Before Halsey was a Grammy-nominated artist, she was a homeless teen who considered delving into sex work as a means of survival.
The 24-year-old singer, born Ashley Nicolette Frangipane, opened up about the hard times in her past while speaking at the Ending Youth Homelessness: A Benefit for My Friend’s Place gala on Saturday in Los Angeles, California. Youth homelessness is a “deadly epidemic,” she said, before describing how living on the streets was a matter of “life or death” for her.
“When I was living in New York, I was a teenager. My friends were picking out decorations for their dorms, and I was debating on whether or not I should let a stranger inside of me so I could pay for my next meal,” she said.

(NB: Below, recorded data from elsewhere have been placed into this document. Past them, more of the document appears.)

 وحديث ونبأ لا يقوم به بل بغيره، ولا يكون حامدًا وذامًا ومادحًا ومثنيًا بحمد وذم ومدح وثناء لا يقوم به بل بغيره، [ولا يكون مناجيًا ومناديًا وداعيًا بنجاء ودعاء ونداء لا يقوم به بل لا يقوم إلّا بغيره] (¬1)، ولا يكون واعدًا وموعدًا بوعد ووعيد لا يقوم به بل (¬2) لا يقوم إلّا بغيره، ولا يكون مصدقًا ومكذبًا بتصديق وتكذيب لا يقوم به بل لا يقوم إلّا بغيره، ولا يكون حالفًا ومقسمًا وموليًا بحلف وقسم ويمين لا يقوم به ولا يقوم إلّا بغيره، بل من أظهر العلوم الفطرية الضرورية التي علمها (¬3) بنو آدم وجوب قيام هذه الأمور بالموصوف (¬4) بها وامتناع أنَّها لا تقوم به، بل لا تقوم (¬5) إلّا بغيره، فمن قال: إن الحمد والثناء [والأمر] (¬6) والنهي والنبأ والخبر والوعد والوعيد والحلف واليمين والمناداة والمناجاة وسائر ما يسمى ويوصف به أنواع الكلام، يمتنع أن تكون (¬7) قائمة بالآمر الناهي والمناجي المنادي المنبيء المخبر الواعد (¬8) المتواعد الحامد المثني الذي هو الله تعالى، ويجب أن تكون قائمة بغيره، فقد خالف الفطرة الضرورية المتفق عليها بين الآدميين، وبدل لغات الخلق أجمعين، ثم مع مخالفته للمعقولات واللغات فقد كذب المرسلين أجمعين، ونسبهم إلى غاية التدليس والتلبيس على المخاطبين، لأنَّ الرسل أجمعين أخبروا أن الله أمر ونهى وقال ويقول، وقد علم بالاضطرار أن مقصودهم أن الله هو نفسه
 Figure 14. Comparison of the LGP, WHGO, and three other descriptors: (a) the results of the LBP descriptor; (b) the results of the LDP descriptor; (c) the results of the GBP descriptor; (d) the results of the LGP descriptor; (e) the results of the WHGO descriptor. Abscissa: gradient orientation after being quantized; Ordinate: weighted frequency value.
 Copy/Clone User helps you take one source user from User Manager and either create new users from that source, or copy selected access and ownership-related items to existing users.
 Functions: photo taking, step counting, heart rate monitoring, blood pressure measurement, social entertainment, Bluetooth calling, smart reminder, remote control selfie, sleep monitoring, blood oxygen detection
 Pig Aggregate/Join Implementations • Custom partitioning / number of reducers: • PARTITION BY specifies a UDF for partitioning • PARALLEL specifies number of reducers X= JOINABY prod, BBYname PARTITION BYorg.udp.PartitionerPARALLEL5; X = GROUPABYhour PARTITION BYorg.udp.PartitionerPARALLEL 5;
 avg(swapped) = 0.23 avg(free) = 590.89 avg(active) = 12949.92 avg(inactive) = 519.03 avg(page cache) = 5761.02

“It wasn’t because I did something bad. It wasn’t because something was wrong with me, and it wasn’t because my parents didn't love me, because they did very much," she continued. "But a series of unfortunate circumstances led me to be in that position, and it can happen to absolutely anyone.”

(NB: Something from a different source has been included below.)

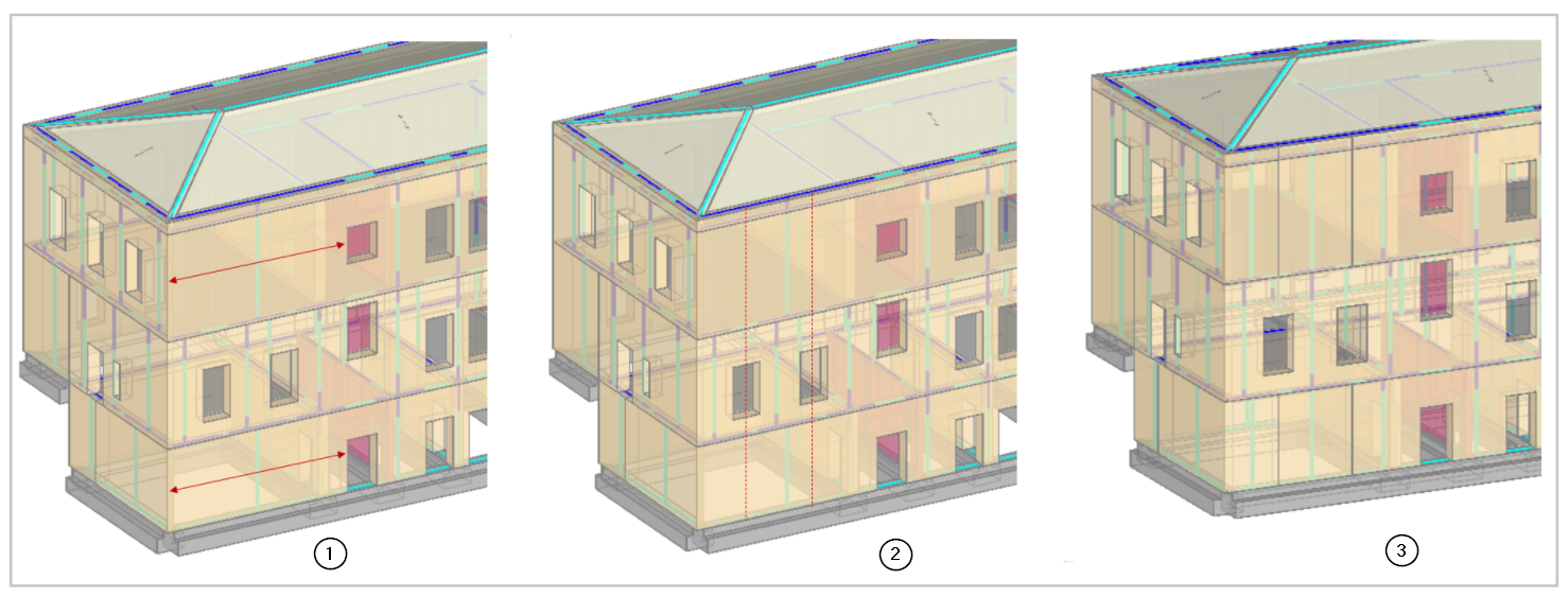 ➂ Sono stati così generati maschi del piano secondo in grado di trasmettere correttamente il carico ai sottostanti maschi del piano intermedio, i quali a loro volta trasmetteranno correttamente il carico ai maschi del piano terra. I maschi ottenuti dalla suddivisione sono visibili nell'immagine in filigrana attraverso la rappresentazione dei loro assi corrispondenti alle aste del telaio equivalente; si noti la diversa configurazione del telaio nella figura ➂ rispetto alla ➀: questo per ribadire che il telaio equivalente è un'ottima modalità di modellazione purché rispetti il più possibile la reale diffusione dei carichi evitando contemporaneamente pareti troppo lunghe che non avrebbero corretta rappresentazione nei confronti della rigidezza.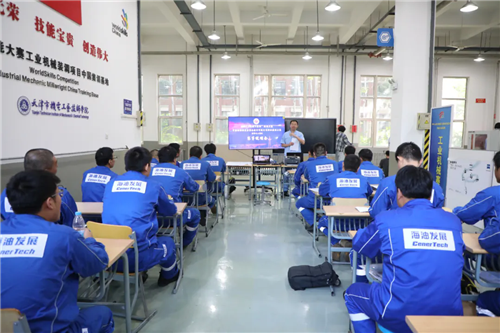 | 9月25日至27日,由中海油能源发展装备技术有限公司(以下简称“装备技术公司”)工会主办、装备技术公司人力资源部协办、装备技术公司天津综合服务中心和天津市机电工艺技师学院承办的2025年“海河工匠杯”技能大赛—中海油能源发展装备技术有限公司职业技能竞赛在学院圆满举办。  大赛旨在深入贯彻习近平总书记关于技能人才工作的重要要求,积极响应国家关于加强技能人才队伍建设的号召,进一步提升广大职工的职业技能水平,充分发挥新时代产业工人在推动企业高质量发展中的主力军作用,激励青年一代走技能成才、技能报国之路。 大赛开幕式  学院党委委员、纪委书记刘英华致欢迎辞。学院作为首批国家级示范校、国家高技能人才培训基地,始终紧扣天津“1+3+4”现代产业体系,坚持“培养高技能人才、服务产业发展”的办学理念,深耕机电类技能人才培养。希望以大赛为纽带,深化校企在人才培养、技术交流等领域合作,共同为天津“十项行动”与海洋能源事业高质量发展培育更多的大国工匠。  装备技术公司党委副书记、工会主席刘连进致辞并宣布开幕。本次技能比武既是贯彻落实国家人才战略、践行工匠精神的具体行动,也是检验队伍、选拔人才、激发创新的重要平台。此次以“3+1+X”赛项模式创新办赛,首次将“智能化设备操作员”纳入竞赛体系,助力公司以智能化、数字化赋能装备技术升级和高质量发展。希望以此次竞赛为契机,将竞赛成果转化为实际工作中的创新动能,推动公司“两大产业”转型取得新突破。 裁判代表和选手代表宣读比赛规则并宣誓。    赛前培训 此次大赛开设了工业机器人系统操作员、数控车工、维修电工、机修钳工4个赛项,74位参赛选手同台竞技、切磋交流。为保障大赛顺利进行,学院精心组建专业团队,按照国赛标准完成赛场布置、设备调试与服务保障,全力营造公平公正、便捷高效的竞赛环境。同时,学院对每个赛项开展了赛前培训,让参赛选手不仅对赛项规则和要求有了更清晰的认识,还提升了自身的专业技能和应变能力,为在比赛中取得优异成绩奠定基础。

Halsey previously opened up about her rocky path to stardom in an interview with Rolling Stone in 2016. She was accepted into the Rhode Island School of Design but couldn't afford to go, and had no interest in local options. She got kicked out of her parent’s house after dropping out of community college and was left homeless with no phone service, health insurance, or money, she recalled.
“I remember one time I had $9 in my bank account, and bought a four-pack of Red Bull and used it to stay up overnight over the course of two or three days, because it was less dangerous to not sleep than it was to sleep somewhere random and maybe get raped or kidnapped,” she said.
She spent her time either couch-hopping among her friend group of “degenerate stoners” or occasionally staying with her grandmother, she said.
But as she shared at the gala on Saturday night, everything changed for her when she met music executive Jeremy Vuernick of Capitol Music Group, who would later give her a record deal.
“When I met him, I had crazy hair, I had one demo in my pocket and I was carrying a gray duffel bag,” she said. “Sat down in his office, sat down in his cubicle, and he asked me, ‘What’s in the bag?’ And I looked him dead in the eyes and I said, ‘This is my house.’”
She went on to say that everyone deserves help and support, regardless of whether or not they’re destined to be a star.
“While it’s very exciting that I am a record-selling, show-playing pop star, when I tell people that story, they go, ‘Oh my gosh, you went from being homeless to being a pop star, that’s amazing. We should help these people because we don’t know what they could become,’” she said. “Wrong. We shouldn’t help because we think because there’s a chance that they could turn into a celebrity. We shouldn’t help because they could really make something of themselves — because they are something right now.”
“I know better than anyone how important having a creative outlet is when you’re in a time of need, but this is so much bigger than arts and crafts,” she continued. “This is life or death, and I hope that you take it very, very seriously. I really do.”